Laurie burst out laughing and Lynn said, “I don’t want to go back to your place tonight, but, would you like to come to mine?”

“Do you know I’ve never stayed with you?”

“It’s not quite what you have,” Lynn said, “but…”

Laurie said, “If you’re there, that’s all that matters.”

“Every war?”

Chrisnodded.

“Not every war, but the First World War, World War Two, Korea. Vietnam.”

“Laurie fought in Vietnam?”

Chris shrugged.

“He says you can’t understand the country until you do. Maybe he’s right. He also said it’s not like he can die or anything.”

“But that’s not really true,” Lewis said. He had heard something in Chris’s voice.

“Huh?”

“It’s not really true is it? I mean, there are so many types of weapons and, you aren’t impervious to everything. You’ve even said some vampires die. So it’s not impossible for him to get killed. It’s just more unlikely.”

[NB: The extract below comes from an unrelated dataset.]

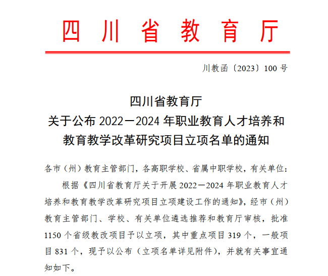 近日,四川省教育厅发布了《四川省教育厅关于公布2022-2024年职业教育人才培养和教育教学改革研究项目立项名单的通知》(川教函【2023】100号),学院19个项目获批立项,其中重点项目4项、一般项目15项,获批项目数量和质量均创历史新高。学院高度重视教育教学改革研究与实践,围绕立德树人根本任务不断推进教育教学改革创新。学院将以此为契机不断深化三教改革,致力研究和解决职业教育改革发展中的突出问题、关键环节,培育一...

“Yes,” Chris said. “Yes. That was always my fear.”

“And the Gulf War?”

“The first one.”

“Afghanistan?’

“No,” Chris shook his head. “Not that one. I was relieved.”

“Because you love him.”

“Yes.” Chrissaid.

Suddenly Lewis said, “On the way back home Seth and I talked about a lot… We were lovers once. There is still an attraction between us. It is the magic between us, perhaps the family blood.”

“Laurie was my lover.”

“Yes, I thought it would be easier for you to tell me if I told you.”

“I didn’t know if you would mind knowing that.”

“Do you mind knowing about Seth?”

“Should I?”

“Seth does not compare to us, to what we are. I told him that, that our love was everything to me, and so Seth could never get in the way of that.”

“Yes,” Chris said. “That’s precisely how I feel.”